愛を教えて、キミ色に染めて【完】
「んッ……は、あ……ッ、あの、いおり……さん」
「何だよ?」
「誰か……来た、みたいですけど……」
「ほっとけよ。どうせ勧誘だろ」
「で、でも……」

 時刻は十九時半、来客予定は無いので、どうせ勧誘か何かだと言って対応する気が無い伊織。

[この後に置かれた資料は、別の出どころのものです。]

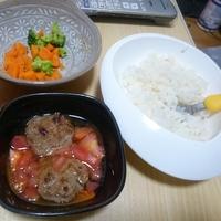 離乳食9〜11ヶ月ごろ(後期)から始められる、ハンバーグのトマト煮はいかがでしょうか。ハンバーグを昆布かつおだしとトマトで煮込みました。粘りがでるまでよく混ぜることで、ふっくら仕上がります。ぜひ、お試し下さい。

 そんな事よりも、彼にとって今は相手が誰かよりも行為を中断させられた事に納得がいかず、

「円香――」

 名前を呼び、もう一度円香に触れようと手を伸ばしたものの、再びピンポーンと二度目のインターホンが鳴り響いた事に苛立った伊織は不機嫌そうな表情を浮かべて玄関へと向かって行く。

 そして、

「しつけーんだよ!」

 そう声を上げながら勢いよくドアを開けた先には、

「何だよ、そんなに怒る事ないじゃんかよ」

 伊織の勢いに圧倒された雷斗の姿があった。

「雷……何で」
「電話の後で忠臣さんから頼まれた物があってさ、近くに用事もあったから、ついでに届けに来たんだよ」
「そりゃどーも」
「つーか、もしかして今、例の子来てんの?」
「……ああ、まあな」
「そうか、それは悪い時に来ちまったな」
「そう思うならさっさと帰れよ」
「まあ、そうしたいけど――やっぱどんな子が見ておかなきゃさぁ。って事でお邪魔します」
「あ、おい雷テメェ!」

 玄関先で数分やり取りをした後、隙をついた雷斗は円香見たさから強引に中と入って行く。

「おい待てって!」

 そんな彼の後を追い掛ける伊織だが間に合わず、

「初めまして~」
「えっと……はい、初めまして……」

 突然上がってきた来訪者に戸惑う円香だったが相手につられて挨拶を口にした。

「あの、伊織さんのお友達……ですか?」
「ん~まあ、友達っていうか……なんて言うか……」
「コイツは早瀬 雷斗。便利屋のメンバーだ」
「ああ、便利屋さんなんですね! 私、雪城 円香と申します」

 伊織に雷斗を紹介された円香は彼と同じ便利屋の人間と知って納得すると、深々と頭を下げながら自身の名前を名乗った。

「ご丁寧にどうも。よろしくね、円香ちゃん」
「は、はい、こちらこそ、よろしくお願いします」

 雷斗が握手を求めて手を差し出してくると、それに圧倒されつつも応じた円香。

 そんな二人のやり取りを黙って眺めている伊織の目付きは実に冷たいものだった。